Полная версия
Осовец Книга 6 Память
Она вышла на крыльцо.
Августовский воздух был тяжёлым, влажным, пахло гарью и прелой листвой. Где-то за фортами редкими, ленивыми хлопками била немецкая артиллерия — не штурм, так, напоминание о себе.
Она пересекла двор.
Там солдаты чинили стену — пролом после вчерашнего попадания. Кто-то таскал кирпичи, кто-то месил раствор, кто-то просто стоял, опершись на лопату, и курил. Обычная гарнизонная суета. Люди ещё не знали.
Никто из них ещё не ведал о приговоре.
Они смотрели на неё — на хрупкую женщину в запачканном кровью переднике — и видели просто сестру милосердия, идущую по своим делам. Они не могли знать, что эта женщина только что держала в руках бумагу, которая перечеркнула все их надежды, все их жертвы, все эти месяцы осады.
Ли Цзи видела их лица.
Молодые — почти мальчишки, с пушком над губой. Старые — обветренные, в морщинах, с сединой в усах. Уставшие. Грязные. С замотанными руками и повязками на головах.
Она видела их — и чувствовала, как внутри у неё всё сжимается.
В тугой, болезненный комок.
Не в сердце — в груди, под рёбрами, где-то там, куда она давно запретила себе заглядывать. Комок рос, давил на диафрагму, мешал дышать. Но она не остановилась. Не опустила голову. Не закрыла глаза.
Она прошла мимо них — прямо, как по струне — и толкнула дверь лазарета.

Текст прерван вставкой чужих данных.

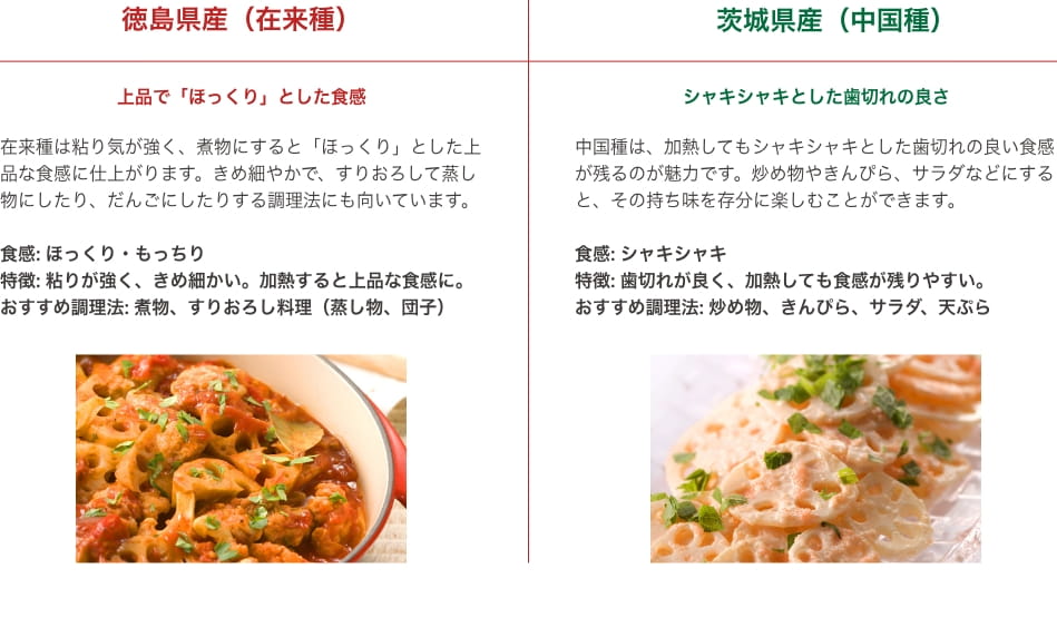 それぞれのれんこんの魅力を最大限に楽しむことができます。

Внутри было всё как обычно.
Шум, стоны, суета. Санитары сновали между койками с тазами и бинтами. Кто-то кричал в бреду. Кто-то тихо, по-бабьи, подвывал от боли. Лампы коптили, воздух был спёртым, пахло карболкой, гноем и потом.
Ничего не изменилось.
Мир внутри лазарета продолжал вращаться по своим законам, потому что раненые не ждут. Боль не берёт выходных. Смерть не объявляет перерыв на эвакуацию.
Ли Цзи сделала несколько шагов вглубь.
Остановилась. Посмотрела на ряды коек — туда, где лежали те, кого она штопала, перевязывала, вытаскивала с того света. Те, кого она знала по именам. Те, чьи руки сжимала, когда они умирали. Те, кто выжил — пока что.
Она отдала пару спокойных распоряжений санитарам.
— Воды в третью палату. Перевязочный материал — на стол. Иванова — подготовить к повторной операции, вечером.
Голос — ровный, как всегда. Никто ничего не заметил.
Она отошла к окну — зарешёченному, с мутными стёклами. Встала спиной к палате. Положила руки на подоконник. Сжала пальцы так, что побелели костяшки.
За окном всё так же кружил немецкий разведчик.
Стервятник не улетал. Он знал.
Она стояла так минуту. Или две. Или вечность.
Потом выпрямилась, поправила косынку и пошла к столу — готовить списки эвакуируемых. Тех, кто имел шанс. И тех, кто останется здесь, под бетонными сводами, которые вот-вот взлетят на воздух.
Слёз не было.
Она разучилась плачать ещё в Харбине, когда хоронила отца.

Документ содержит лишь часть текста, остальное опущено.